- **Aim of the exercise**: Start the copy at the line containing "- Ledyard Colonels design on the front" and run it through the last line of the records. Repeat each line exactly; omit pictures.

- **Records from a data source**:

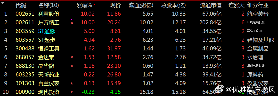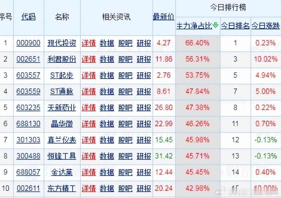 【财富晚茶】主力资金(12.01):追寻沪深北三市主力流入前10股票导语:作者系《网易号》优质财经领域创作者。曾经原创作者和知名网易号旅游领域创作者。大跨度行业等的写作,颇受网友喜爱。作品发表于2025.12.01.10:18 优雅端庄晚风。编者的话:追寻盘面:根据2025年12月01日市场数据:主力资金:流入前10股票:按流入金额从高到低排列。今天主题是:【财富晚茶】主力资金(12.01):追寻沪深北三市主力流入前10股票。与全国投资者和粉丝友友一起分享,殷切期待投资者精彩点评建议问题。一、主力资金:市场前三名佳股票002651 利君股份002611 东方精工603557 ST起步二、主力资金:流入前10名的股票最新K线图统计:即时日期:2025.12.01.10:18002651 利君股份 002611 东方精工 603557 ST起步 603559 ST通脉603235 天新药业 688130 晶华微 301303 真兰仪表 300488 恒锋工具688057 金达莱 000900 现代投资追寻盘面:根据2025年12月01日市场数据:主力资金:流入前10股票:按流入金额从高到低排列:三、今主旋律:前10名市场表现股最新K线图统计:即时日期:2025.12.01.10:18四、 创作不易:优质网易财经作者投资投机迷茫之中:给予尽可能有帮助:资本市场风险自负。(优雅端庄晚风《网易号》财经领域创作者和原创作者 违者必究)
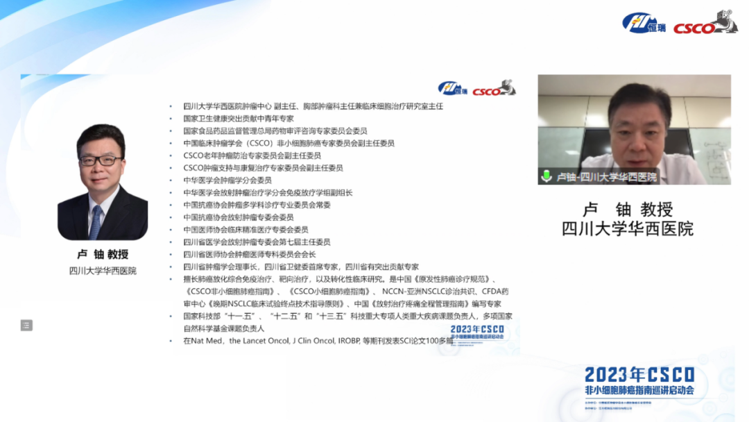 2023年5月24日,由中国临床肿瘤学会(CSCO)非小细胞肺癌专家委员会主办、江苏恒瑞医药协办的“2023年CSCO非小细胞肺癌指南巡讲启动会”成功举办,开启了2023年中国非小细胞肺癌(NSCLC)领域规范化诊疗的新征程。弦歌不辍,随着业内专家的巡讲之声,《2023CSCO非小细胞肺癌诊疗指南》(以下简称2023CSCO指南)的一系列重要更新及其背后的循证医学依据将深入到不同层级的医疗机构,帮助广大患者获得规范化、同质化的诊疗服务和最大化的生存获益。
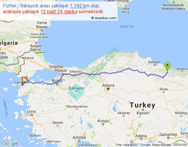 Fizme - Saraycık arası yaklaşık olarak 90 km/h ile yukarıda belirtilen sürede olup, iki yerin kuş uçuşu uzaklığı (mesafesi) 913'dir. Eğer belirtilen yerler arasında uçak seferi var ise bu süre uçakla 1 saat 24 dakika'ya kadar düşebilir. Yolculuk otobüsle 17 saat 25 dakika sürmektedir.
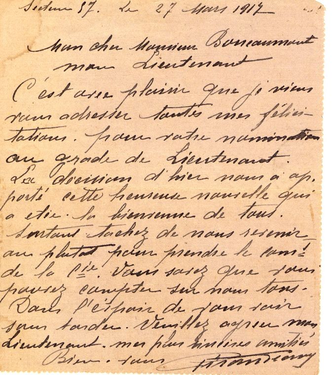 En 1916 il retrouve son grade de Sous-Lieutenant et en 1917 il est promu Lieutenant dans l’Infanterie territoriale pour la durée de la guerre, par décret du Président de la République du 18 mars 1917. Il reçoit à cette occasion une chaleureuse lettre de félicitations de la part de ses hommes.
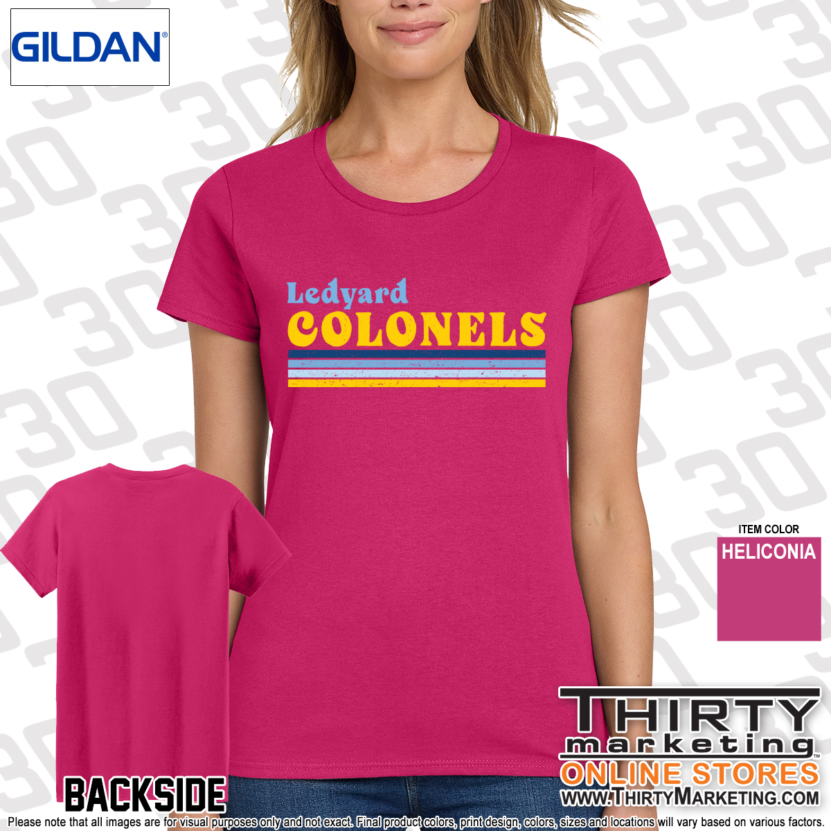 - Ledyard Colonels design on the front
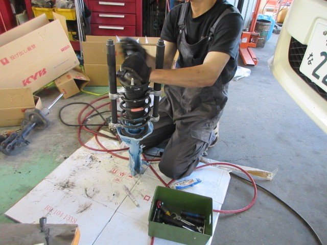 換えるのは消耗部品とショックアブソーバーをKYBのニューSRに交換致します。
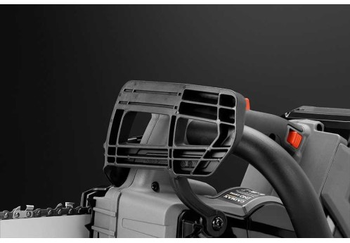 Безопасность оператора обеспечивается при помощи инерционного тормоза, способного моментально остановить вращение цепи в случае отскока пилы назад.
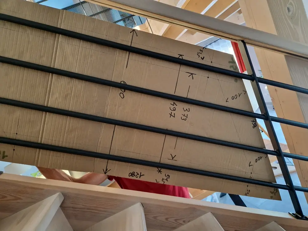 - Intégrer des plaques de plexi sur mesure, avec des découpes en forme de parallélogramme pour la partie escalier.

- **Output below**:
 - Ledyard Colonels design on the front
 換えるのは消耗部品とショックアブソーバーをKYBのニューSRに交換致します。
 Безопасность оператора обеспечивается при помощи инерционного тормоза, способного моментально остановить вращение цепи в случае отскока пилы назад.
 - Intégrer des plaques de plexi sur mesure, avec des découpes en forme de parallélogramme pour la partie escalier.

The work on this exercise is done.